'Hyperpolarisation' in magnetic resonance (NMR and MRI) is a way to dramatically increase the detectability of nuclei, in some cases generating signals that are 4-5 orders of magnitude stronger than conventional measurements. This technique allows the detection of trace or transient intermediates, decreases scanning time, enhances diagnostic tools in a clinical context, and unlocks greater versatility from benchtop NMR systems.
In this presentation, we will explore some of the chemical methods to generate, transfer, and store hyperpolarised states in a range of organic molecules of interest, focusing on the central role of organic synthesis and mechanism, molecular design, and catalysis.

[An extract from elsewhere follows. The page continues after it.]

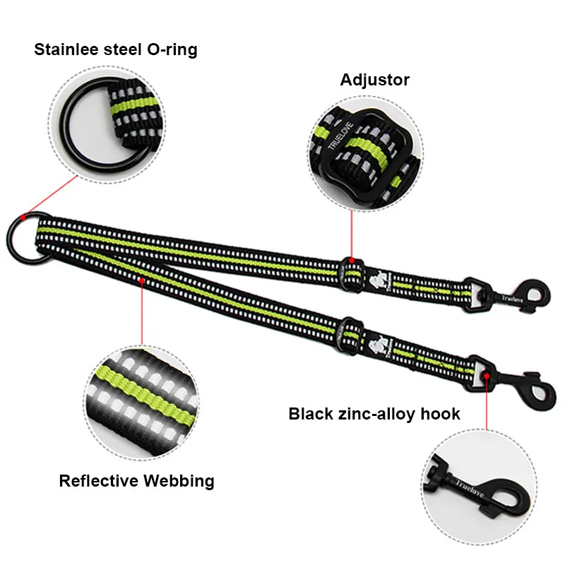 Tipo:Truelove correa de perro doble ajustable reflectante para dos perros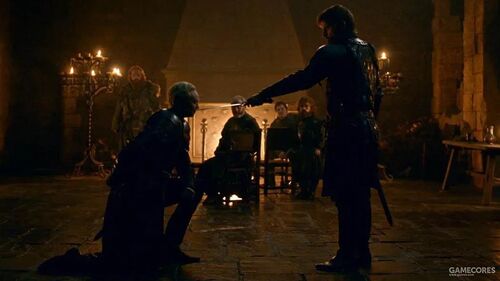 指挥官琼恩·雪诺因偏袒野人而被他的兄弟们骂为「叛徒」。作为对他的惩罚,守夜人们集体叛变,把他刺死后扬长而去,独留琼恩孤零零地死在雪地里。

To generate hyperpolarisation, the nuclear singlet spin isomer of dihydrogen known as para-hydrogen (p-H2) can be used as the 'source' of the enhanced NMR signal. The nuclear symmetry of p-H2 must be broken to unlock this latent signal, for instance through addition to a transition metal complex. The hyperpolarised state can subsequently be transferred to an unsaturated target compound (hydrogenation), to another molecule bound to the transition metal complex (ligand exchange), or through labile functional groups (proton exchange). Once delivered to the target molecule, the lifetime of the hyperpolarised state is limited by nuclear relaxation pathways, so use of longer-lived heteronuclei (13C, 15N), design of isolated 1H positions insulated from relaxation by 2H substitution, or molecules capable of producing 'long-lived singlet states' are all strategies to extend this lifetime, and can be accessed synthetically by selective incorporation of these stable isotopes. Interesting examples where p-H2 derived hyperpolarisation intersects with photochemistry and heterogeneous catalysis, the application of this technology, and prospects for enhancing benchtop NMR for reaction monitoring and portable spectroscopy, will be discussed.